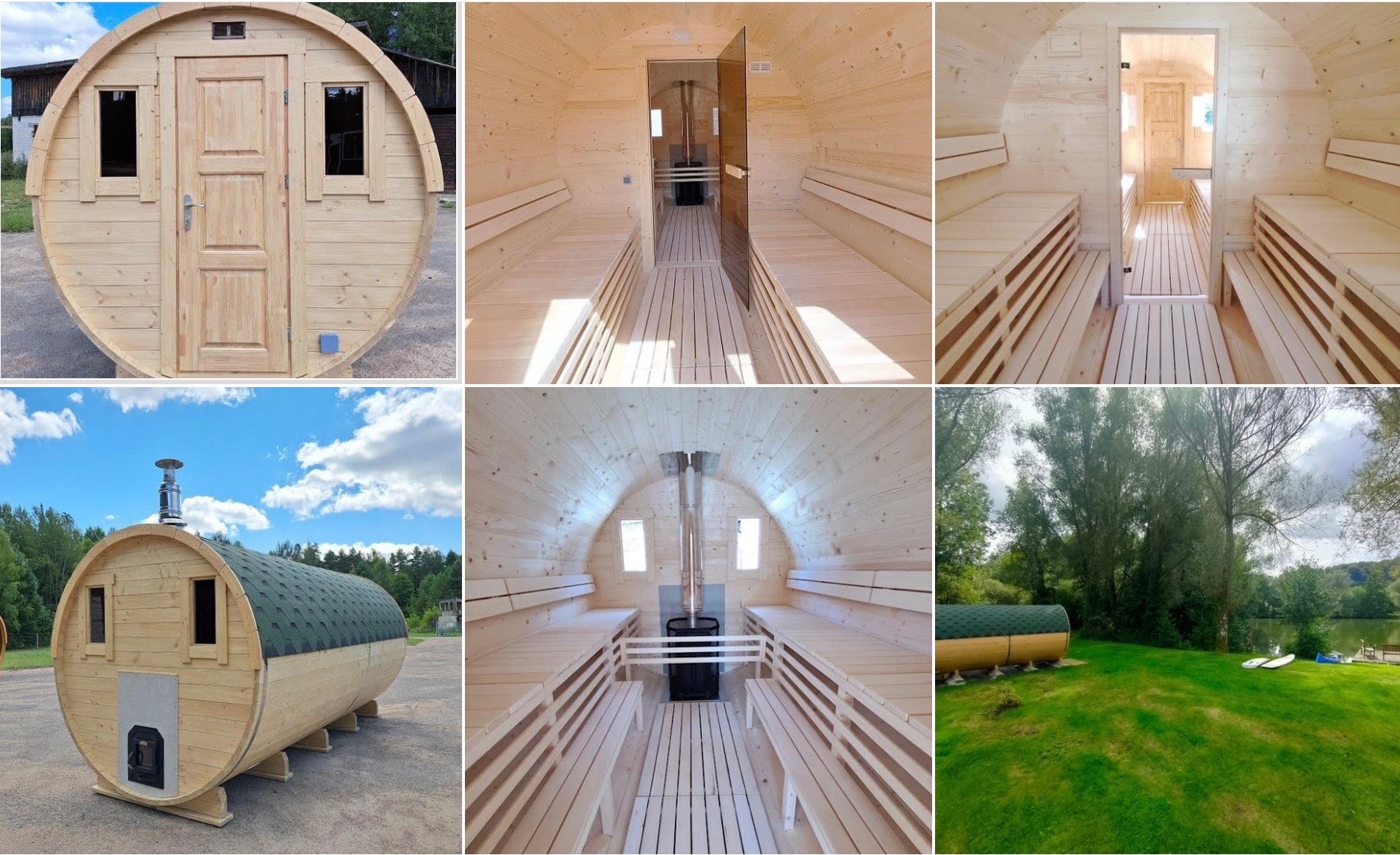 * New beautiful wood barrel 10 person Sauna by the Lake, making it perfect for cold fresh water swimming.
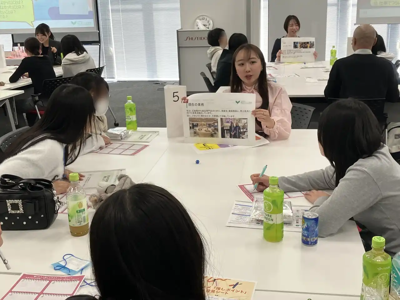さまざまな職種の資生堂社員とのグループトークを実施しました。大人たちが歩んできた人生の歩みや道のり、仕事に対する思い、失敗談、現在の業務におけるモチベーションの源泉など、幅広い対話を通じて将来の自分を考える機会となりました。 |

□ □ □ □ □

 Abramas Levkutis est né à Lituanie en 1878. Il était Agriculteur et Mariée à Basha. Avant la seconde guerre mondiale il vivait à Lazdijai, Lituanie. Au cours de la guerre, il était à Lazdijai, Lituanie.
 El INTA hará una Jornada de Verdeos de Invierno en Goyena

□ □ □ □ □

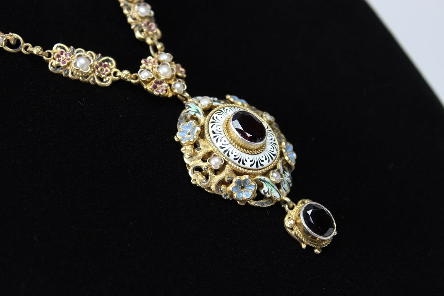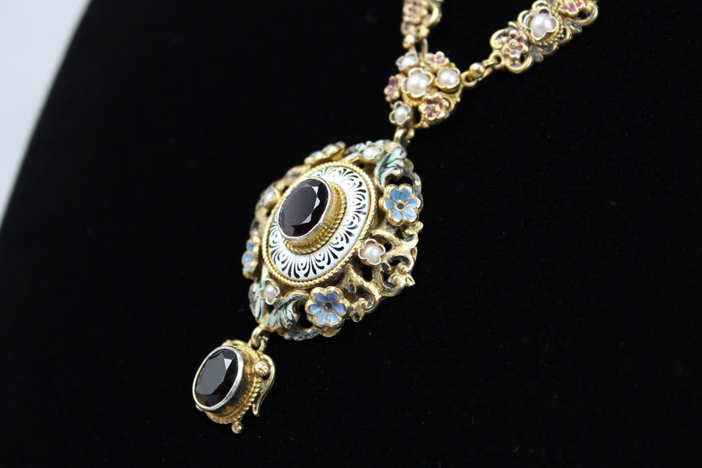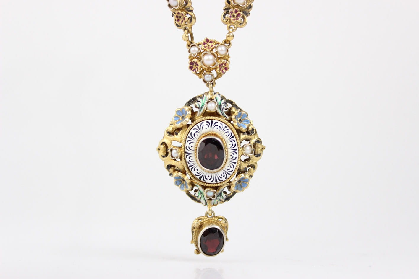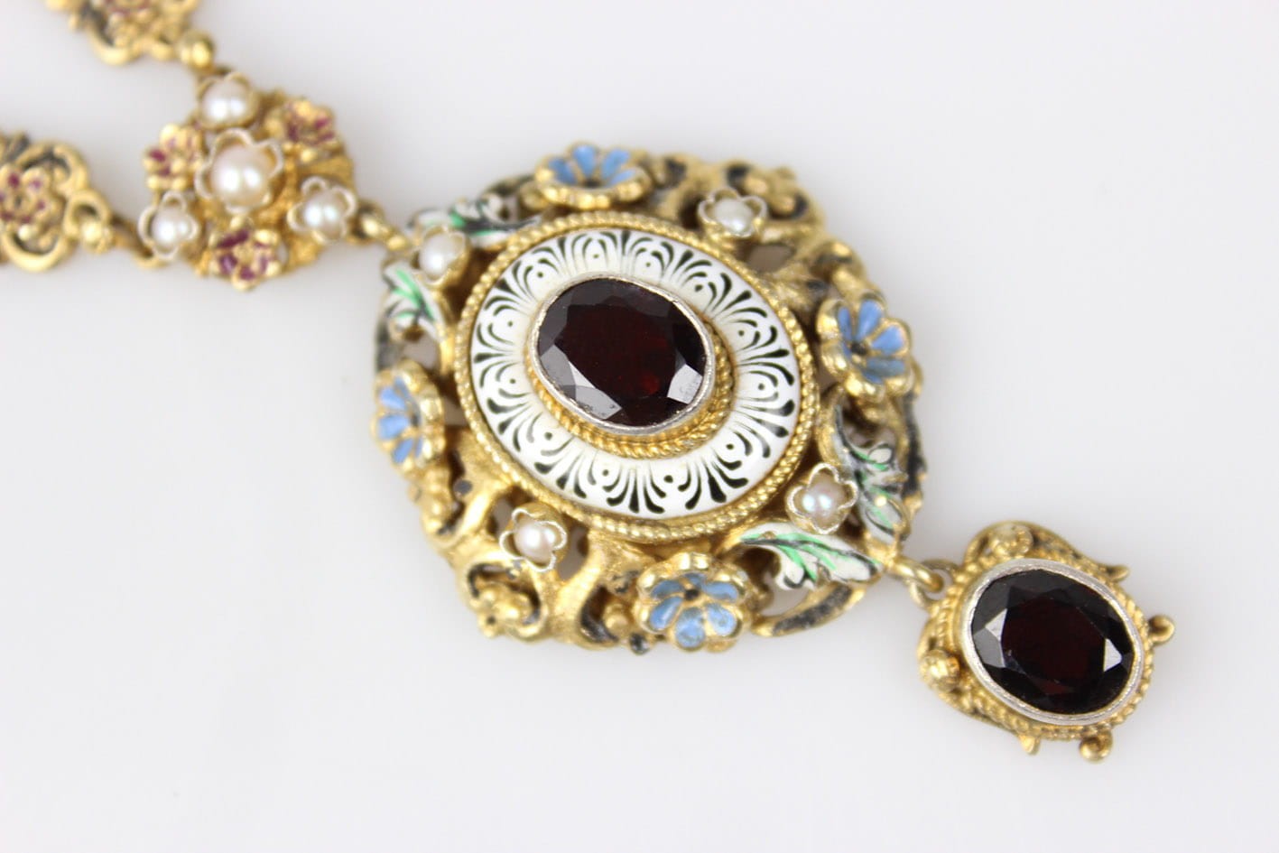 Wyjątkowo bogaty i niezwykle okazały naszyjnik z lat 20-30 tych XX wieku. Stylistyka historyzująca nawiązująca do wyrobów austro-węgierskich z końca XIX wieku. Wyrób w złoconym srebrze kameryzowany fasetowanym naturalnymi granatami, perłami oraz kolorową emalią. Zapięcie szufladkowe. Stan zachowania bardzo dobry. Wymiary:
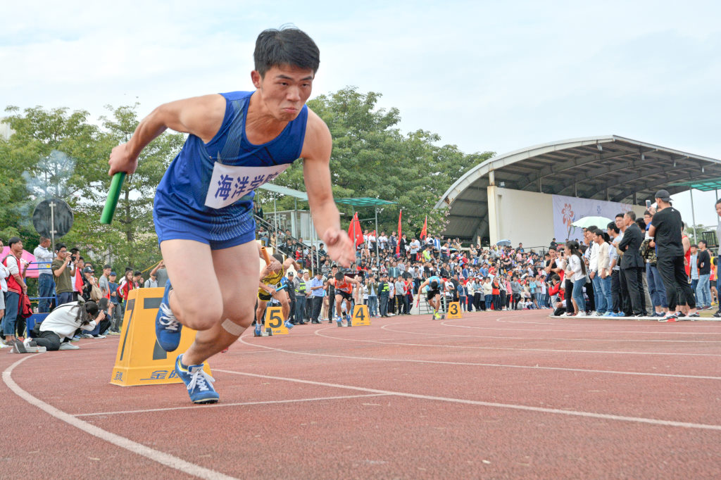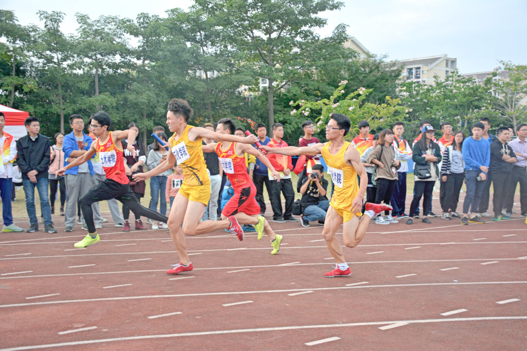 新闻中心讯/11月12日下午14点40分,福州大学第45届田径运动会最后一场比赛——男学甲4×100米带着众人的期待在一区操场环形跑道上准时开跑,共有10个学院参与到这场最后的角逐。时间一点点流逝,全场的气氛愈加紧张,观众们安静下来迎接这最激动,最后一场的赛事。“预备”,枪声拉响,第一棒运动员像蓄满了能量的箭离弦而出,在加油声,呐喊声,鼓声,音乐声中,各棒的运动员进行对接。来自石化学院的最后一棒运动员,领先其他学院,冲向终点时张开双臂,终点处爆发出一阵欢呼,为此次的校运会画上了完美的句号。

□ □ □ □ □

### [Work item]
Using the data above, retype exactly the lines from the line with "fresh water swimming." to the line with "さまざまな職種の資生堂社員と", inclusive. No pictures and nothing else.

### [Written response]
 * New beautiful wood barrel 10 person Sauna by the Lake, making it perfect for cold fresh water swimming.
さまざまな職種の資生堂社員とのグループトークを実施しました。大人たちが歩んできた人生の歩みや道のり、仕事に対する思い、失敗談、現在の業務におけるモチベーションの源泉など、幅広い対話を通じて将来の自分を考える機会となりました。 |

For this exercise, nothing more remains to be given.